- THE TASK -
Write the data out in full and word for word. Do not include images.

(Source records)

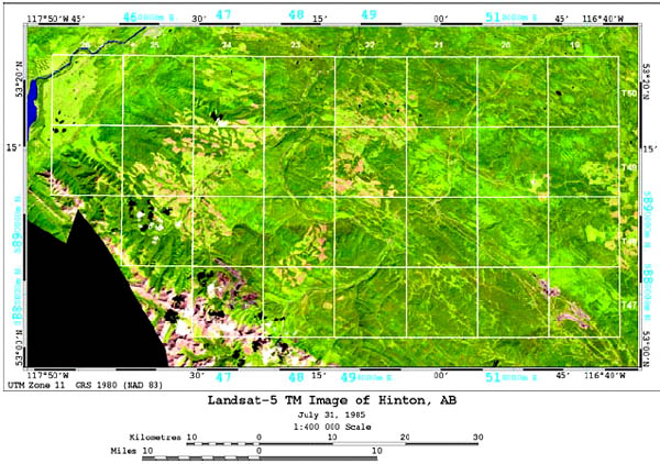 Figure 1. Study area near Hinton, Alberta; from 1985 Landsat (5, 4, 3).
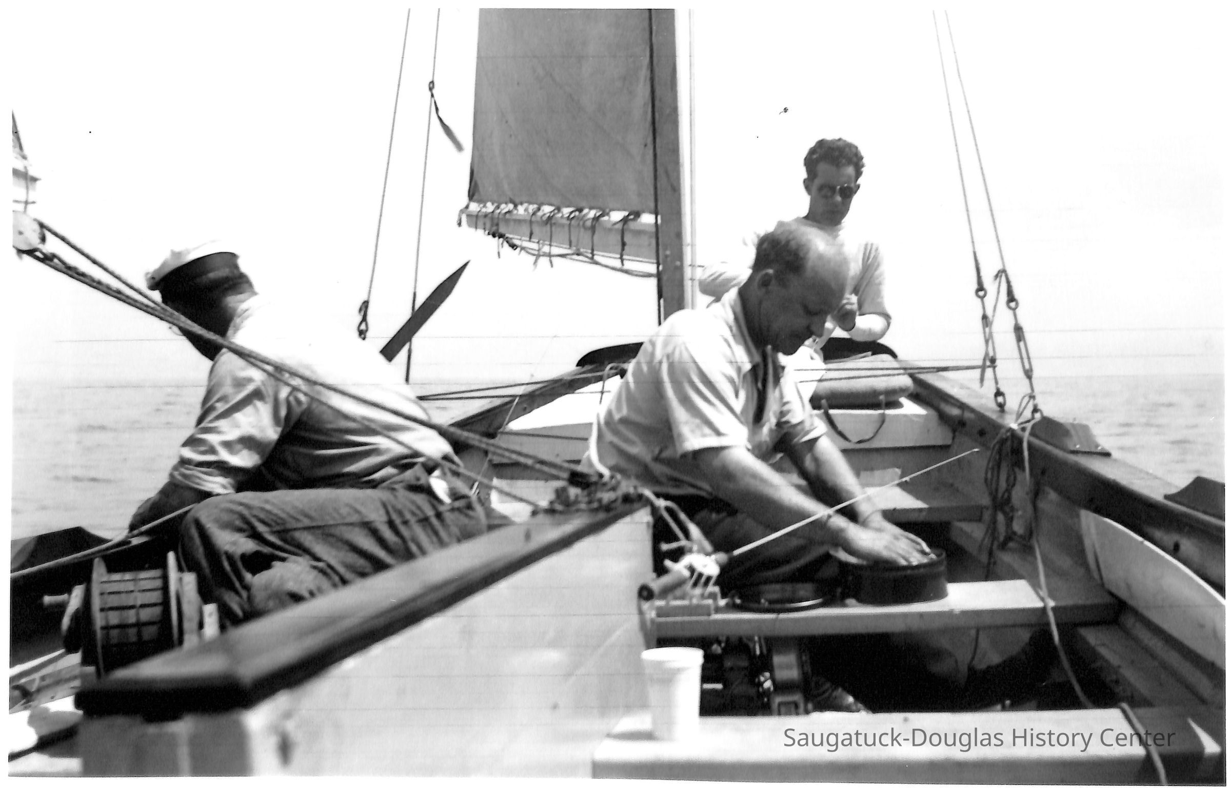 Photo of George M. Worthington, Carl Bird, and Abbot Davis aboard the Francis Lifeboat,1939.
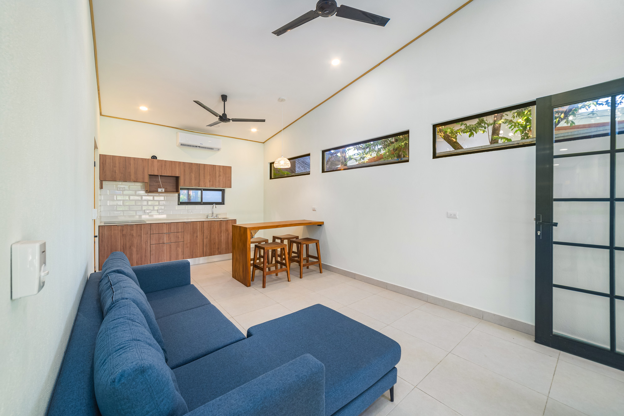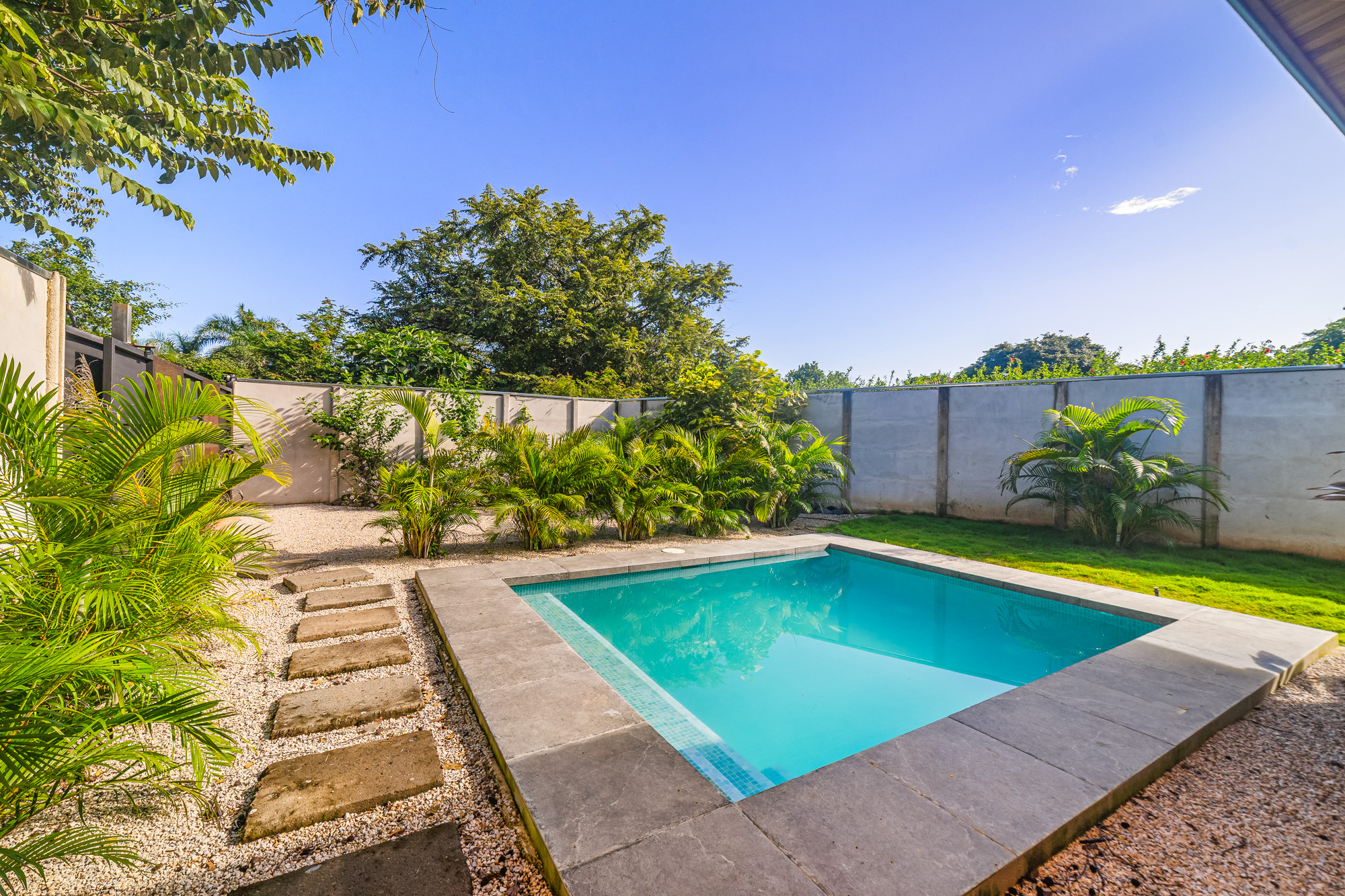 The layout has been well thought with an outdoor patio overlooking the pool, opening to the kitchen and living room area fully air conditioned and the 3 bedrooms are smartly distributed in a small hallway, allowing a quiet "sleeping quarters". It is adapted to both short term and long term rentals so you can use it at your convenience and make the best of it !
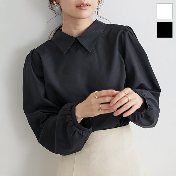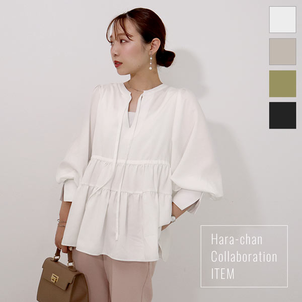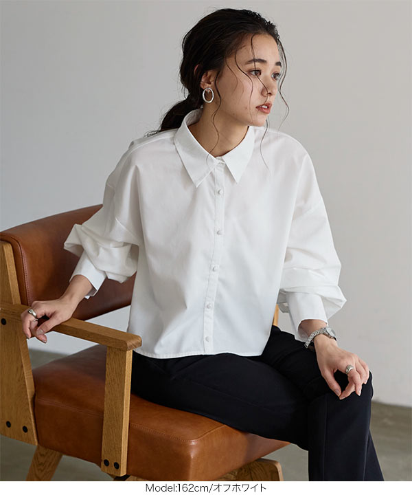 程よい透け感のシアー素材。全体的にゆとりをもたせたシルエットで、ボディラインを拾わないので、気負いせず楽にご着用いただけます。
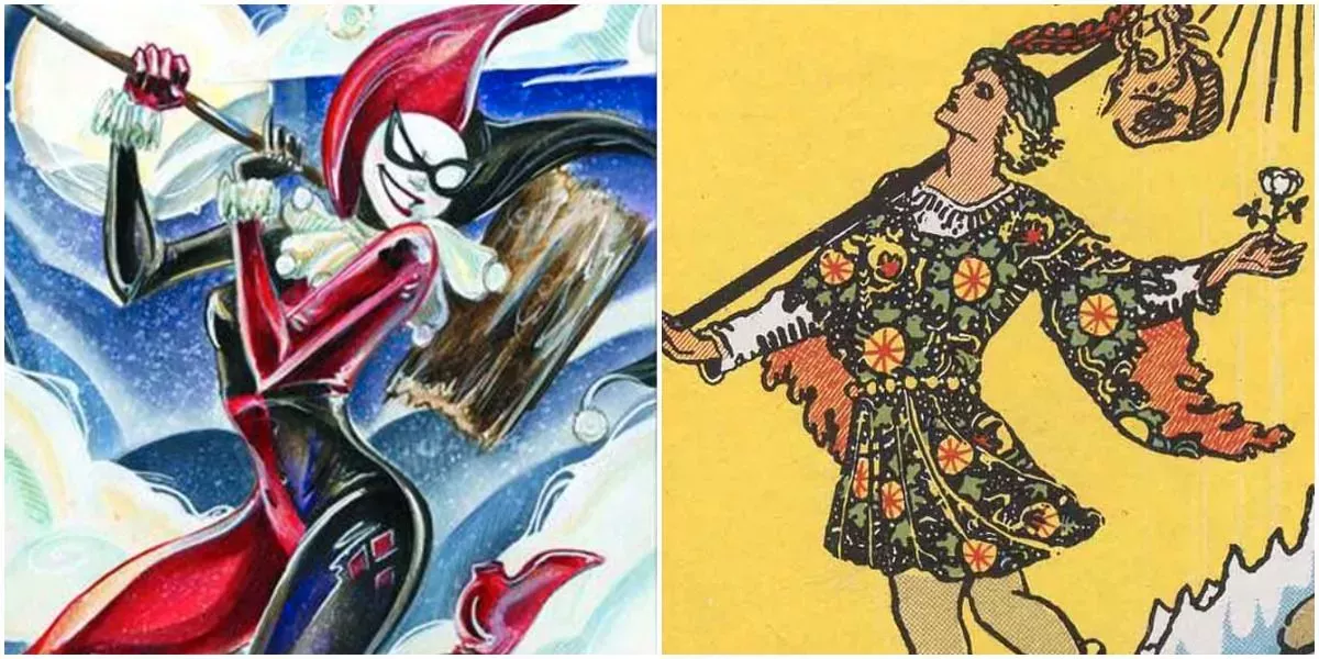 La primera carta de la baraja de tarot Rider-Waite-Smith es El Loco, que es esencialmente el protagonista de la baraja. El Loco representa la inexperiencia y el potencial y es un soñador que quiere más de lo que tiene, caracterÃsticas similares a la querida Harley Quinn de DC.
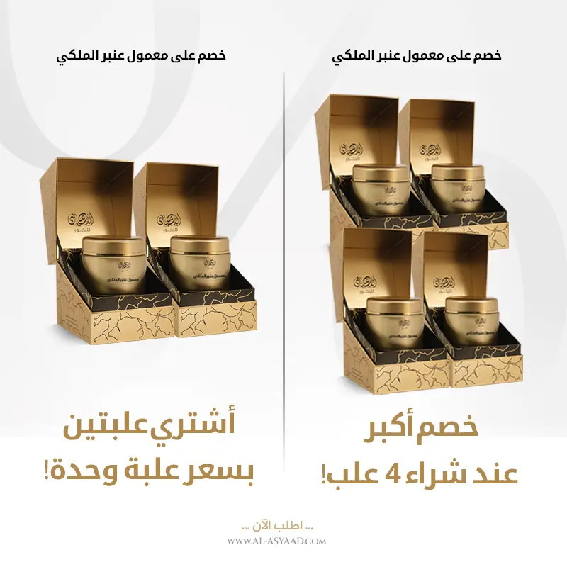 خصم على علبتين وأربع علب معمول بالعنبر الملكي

- RESULT -
 Figure 1. Study area near Hinton, Alberta; from 1985 Landsat (5, 4, 3).
 Photo of George M. Worthington, Carl Bird, and Abbot Davis aboard the Francis Lifeboat,1939.
 The layout has been well thought with an outdoor patio overlooking the pool, opening to the kitchen and living room area fully air conditioned and the 3 bedrooms are smartly distributed in a small hallway, allowing a quiet "sleeping quarters". It is adapted to both short term and long term rentals so you can use it at your convenience and make the best of it !
 程よい透け感のシアー素材。全体的にゆとりをもたせたシルエットで、ボディラインを拾わないので、気負いせず楽にご着用いただけます。
 La primera carta de la baraja de tarot Rider-Waite-Smith es El Loco, que es esencialmente el protagonista de la baraja. El Loco representa la inexperiencia y el potencial y es un soñador que quiere más de lo que tiene, caracterÃsticas similares a la querida Harley Quinn de DC.
 خصم على علبتين وأربع علب معمول بالعنبر الملكي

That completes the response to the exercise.